Jun 9, 2015, 5:27 PM

316: Storyteller shoes

316: Storyteller shoes

TEHRAN, Jun. 09 (MNA) – Iranian cinemas are currently screening Peyman Haghani’s 316, an artistic, non-commercial film that only shows the viewer the changing shoes.

Peyman Haghani’s latest feature film 316 enjoys a unique style of narration through one woman’s singular passion for shoes as she recalls her life in voiceover, from a childhood interrupted by revolution and war, through adulthood, motherhood and old age.

“I don't care what people look like, but what shoes they wear,” says the narrator of this Iranian film.

316 is Haghani’s second feature film (the first being A Man Who Ate His Cherries) which employs playful and inventive images framed entirely around people’s footwear. It never shows the faces of the actors and the whole story is narrated through shoes, hands and legs that are at our side from birth to death but we rarely give them much attention.

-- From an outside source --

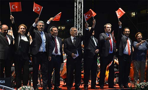 Fener Alayının ardından Gündoğdu Meydanı'nda Devlet Opera ve Balesi, Koro, Solo ve Orkestrası sahne aldı. 130 sanatçıdan oluşan dev koro, Onuncu Yıl Marşı'nı Başkan Aziz Kocaoğlu ve törene katılan belediye başkanlarıyla birlikte seslendirdi. Gecenin sonunda ünlü sanatçı Selda Bağcan İzmirlilerle buluştu. En güzel şarkılarını 9 Eylül için seslendiren sanatçıya, İzmirliler de hep bir ağızdan eşlik etti.

316 refers to the 316 pairs of shoes the protagonist has worn in her life; shoes that change as she ages and as the political situation changes around her.

The film encompasses a snippet of the history of Iran, from the 1979 Islamic Revolution to the terrible war with Saddam Hussein’s Iraq to the contemporary Iran.

316 has also enjoyed international exposure thanks to various film festivals in Germany, San Francisco and Prague.

The Art & Experience group is currently screening the film in various cinemas including Farhang, Azadi, Kourosh, Cinema Musuem, and Iranian Artists Forum in Tehran as well as a number of cinemas in other provinces.